Григорий Ершов родился в семье большевиков-подпольщиков, участников знаменитых сормовских событий, легших в основу романа М. Горького «Мать». «Холодные зори» — книга о трудном деревенском детстве Марины Борисовой и ее друзей и об их революционной деятельности на Волжских железоделательных заводах, о вооруженном восстании в 1905 году, о большевиках, возглавивших эту борьбу. Повести «Неуловимое солнышко» и «Холодные зори» объединены единой сюжетной линией, главными действующими лицами.


Трудная година

В книге рассказывается история главного героя, который сталкивается с различными проблемами и препятствиями на протяжении всего своего путешествия. По пути он встречает множество второстепенных персонажей, которые играют важные роли в истории. Благодаря опыту главного героя книга исследует такие темы, как любовь, потеря, надежда и стойкость.
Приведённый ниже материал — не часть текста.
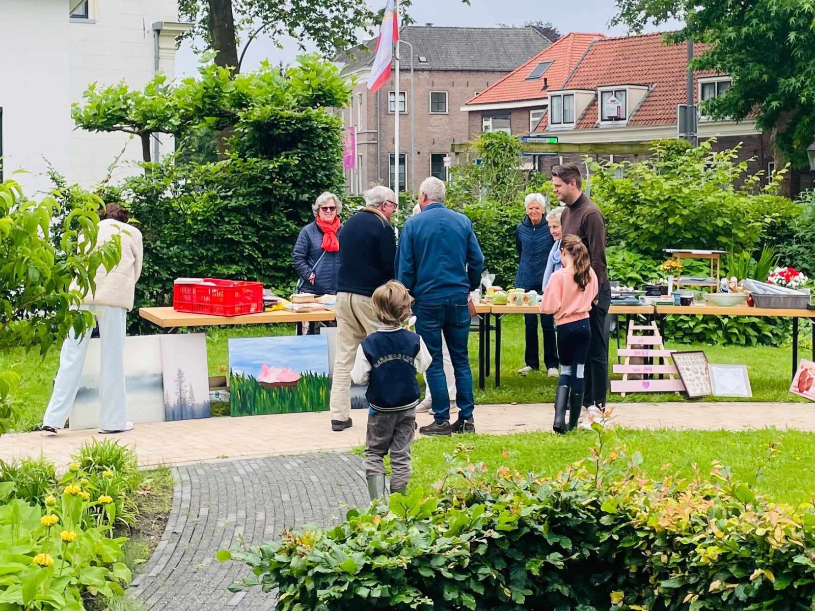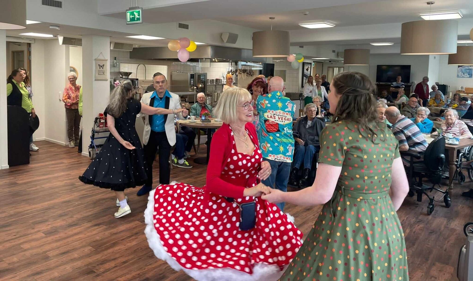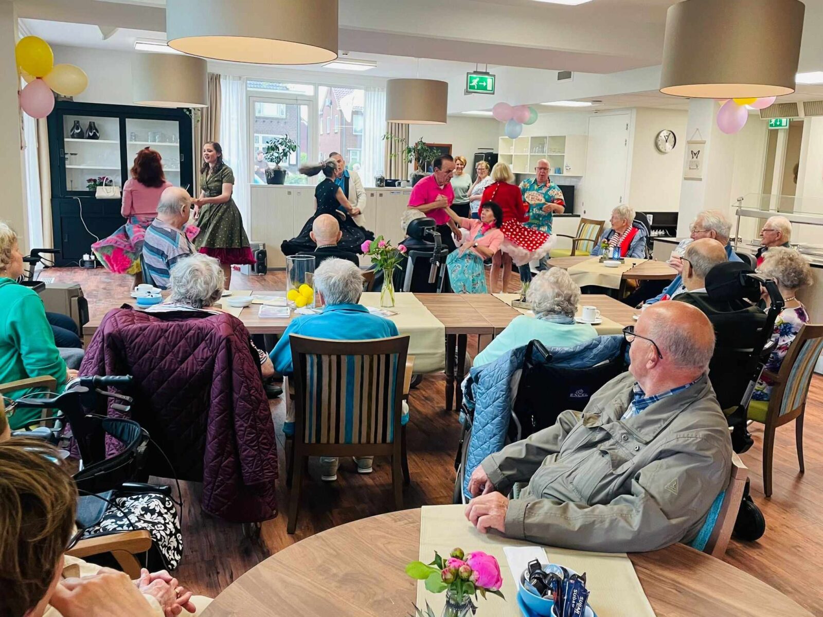 Zaterdag 1 juni werd een open dag georganiseerd op verzorgingscentrum Amaris Arkemheen in Nijkerk. Er wordt terug gekeken op een geslaagde open dag. De bezoekers werden verwelkomd met koffie met gebak. Daarna werd ze een rondleiding aangeboden. Vijf bewoners hadden hun appartement open gesteld voor bezichtiging. Ook was er een boeken- en rommelkraam en de Breiclub die elke maandagmiddag de mooiste spullen maakt. De opbrengt van hun mooie creaties is voor de activiteiten van de bewoners van Arkemheen. Meebreien kan overigens op maandagmiddag. Tussendoor trad de Rock 'n Rollgroep Guys en Dolls op. Foto Kees van den Heuvel e.a.

По мере того, как главный герой преодолевает свои трудности, он усваивает ценные уроки жизни и растет как личность.


Музыканты

В сборник известного советского писателя Юрия Нагибина вошли новые повести о музыкантах: «Князь Юрка Голицын» — о знаменитом капельмейстере прошлого века, создателе лучшего в России народного хора, пропагандисте русской песни, познакомившем Европу и Америку с нашим национальным хоровым пением, и «Блестящая и горестная жизнь Имре Кальмана» — о прославленном короле оперетты, привившем традиционному жанру новые ритмы и созвучия, идущие от венгерско-цыганского мелоса — чардаша.


Лики времени

В новую книгу Людмилы Уваровой вошли повести «Звездный час», «Притча о правде», «Сегодня, завтра и вчера», «Мисс Уланский переулок», «Поздняя встреча». Произведения Л. Уваровой населены людьми нелегкой судьбы, прошедшими сложный жизненный путь. Они показаны такими, каковы в жизни, со своими слабостями и достоинствами, каждый со своим характером.


Сын эрзянский

В книге рассказывается история главного героя, который сталкивается с различными проблемами и препятствиями на протяжении всего своего путешествия. По пути он встречает множество второстепенных персонажей, которые играют важные роли в истории. Благодаря опыту главного героя книга исследует такие темы, как любовь, потеря, надежда и стойкость. По мере того, как главный герой преодолевает свои трудности, он усваивает ценные уроки жизни и растет как личность.


Великая мелодия

В книге рассказывается история главного героя, который сталкивается с различными проблемами и препятствиями на протяжении всего своего путешествия. По пути он встречает множество второстепенных персонажей, которые играют важные роли в истории. Благодаря опыту главного героя книга исследует такие темы, как любовь, потеря, надежда и стойкость. По мере того, как главный герой преодолевает свои трудности, он усваивает ценные уроки жизни и растет как личность.